In your answer, set down the records below exactly as they stand, omitting pictures.

==== Input

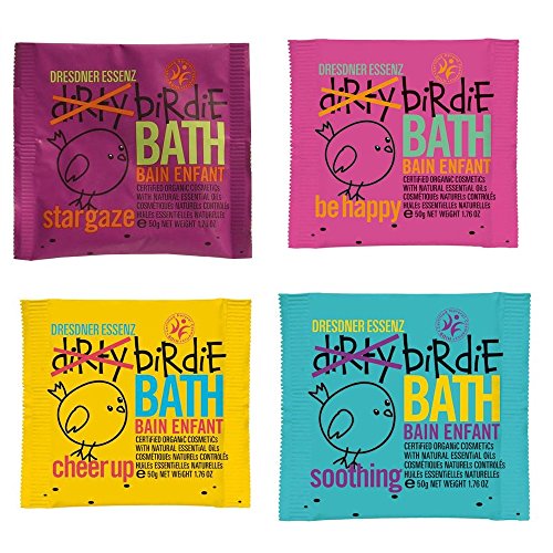 - 4 TIMES THE FUN - Created just for kids this set of 4 German made bath packets by Dresdner Essen comes in 4 scents and colors, each package is 1.76 oz.
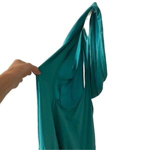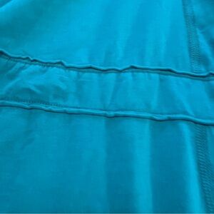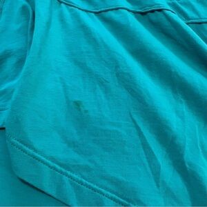 One small stain at front as shown (up close and farther away) in last 2 photos. No tags, please see approximate measurements in photos before purchasing. Super soft and stretchy
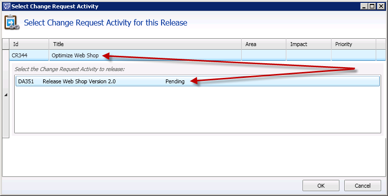 Now select the Change Request that you want to link the Release Activity to and the contained dependent activity in it.
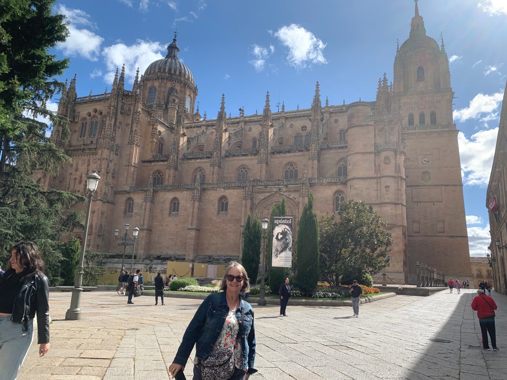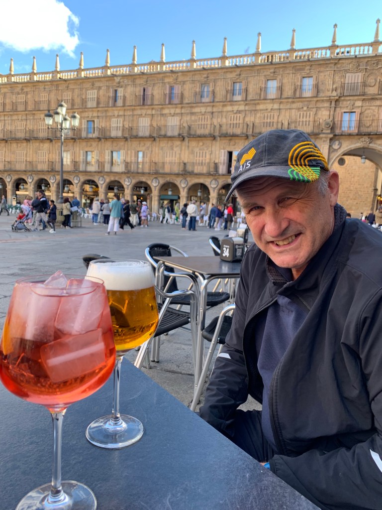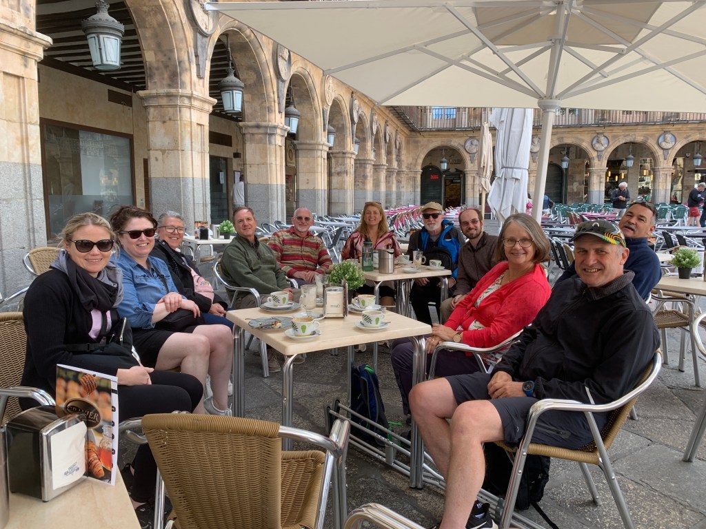 Our trip was to travel from Madrid to Salamanca, then on to Coimbra , Lisbon, The Algarve in Portugal, then to Seville and Tarifa in Spain then take the ferry to Chefchaouen, then onto Fes and Marrakech in Morocco. Anyway, We arrived in Salamanca by public train and then took a public bus to our hotel. It was quite a ways from the bus stop to the accommodation were the parade of luggage rolling along the streets could be heard through out the old walled city. The baggage wheels makes the thump-thump sound from the cobbled stone streets. Our hotel room had double glazed windows and we still could hear the sounds from the street so one would wonder whether the position of the surrounding buildings were designed to amplify the noise. The buildings which surround the Salamanca’s square (photo) are occupied by mainly residents. So if you lived in these apartments, you would have the continuous sounds of the square in your every day life. Something for the realtor to think about.
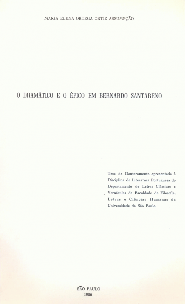 O dramático e o épico em Bernardo Santareno [texto policopiado] / Maria Elena Ortega Ortiz Assumpção ; sob a orientação da Professora Drª. Maria Aparecida Santilli Publicação: São Paulo : 1986, [s.n.]Descrição: 178 p. ;
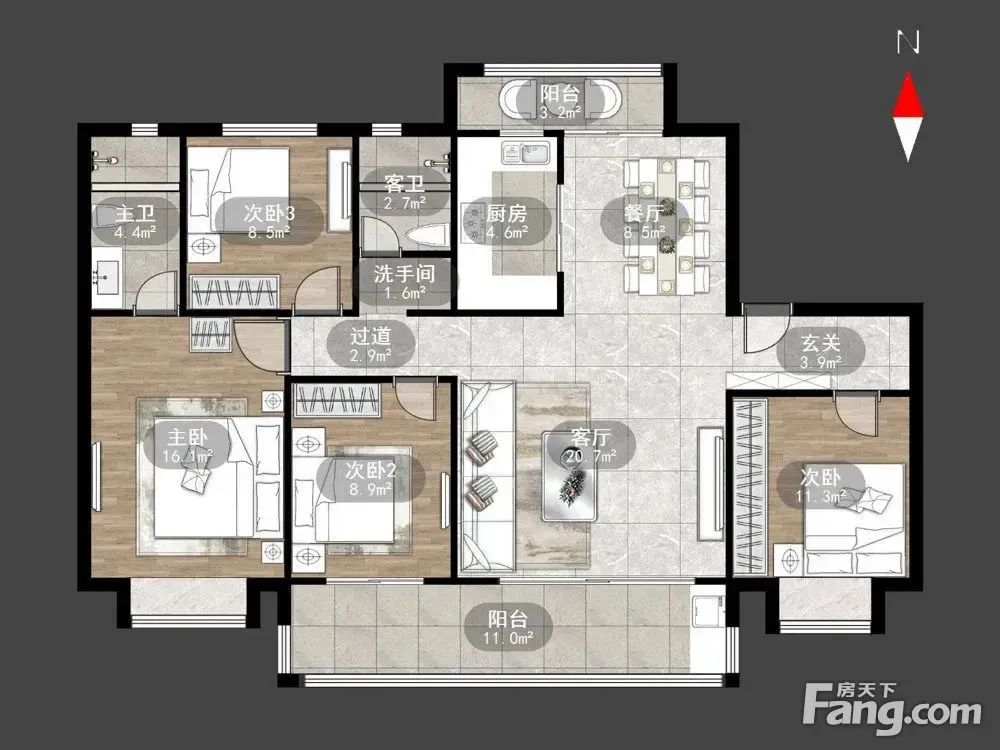户型齐全,主打户型方正,卧室朝南三居

========

__Exercise output__:
 - 4 TIMES THE FUN - Created just for kids this set of 4 German made bath packets by Dresdner Essen comes in 4 scents and colors, each package is 1.76 oz.
 One small stain at front as shown (up close and farther away) in last 2 photos. No tags, please see approximate measurements in photos before purchasing. Super soft and stretchy
 Now select the Change Request that you want to link the Release Activity to and the contained dependent activity in it.
 Our trip was to travel from Madrid to Salamanca, then on to Coimbra , Lisbon, The Algarve in Portugal, then to Seville and Tarifa in Spain then take the ferry to Chefchaouen, then onto Fes and Marrakech in Morocco. Anyway, We arrived in Salamanca by public train and then took a public bus to our hotel. It was quite a ways from the bus stop to the accommodation were the parade of luggage rolling along the streets could be heard through out the old walled city. The baggage wheels makes the thump-thump sound from the cobbled stone streets. Our hotel room had double glazed windows and we still could hear the sounds from the street so one would wonder whether the position of the surrounding buildings were designed to amplify the noise. The buildings which surround the Salamanca’s square (photo) are occupied by mainly residents. So if you lived in these apartments, you would have the continuous sounds of the square in your every day life. Something for the realtor to think about.
 O dramático e o épico em Bernardo Santareno [texto policopiado] / Maria Elena Ortega Ortiz Assumpção ; sob a orientação da Professora Drª. Maria Aparecida Santilli Publicação: São Paulo : 1986, [s.n.]Descrição: 178 p. ;
户型齐全,主打户型方正,卧室朝南三居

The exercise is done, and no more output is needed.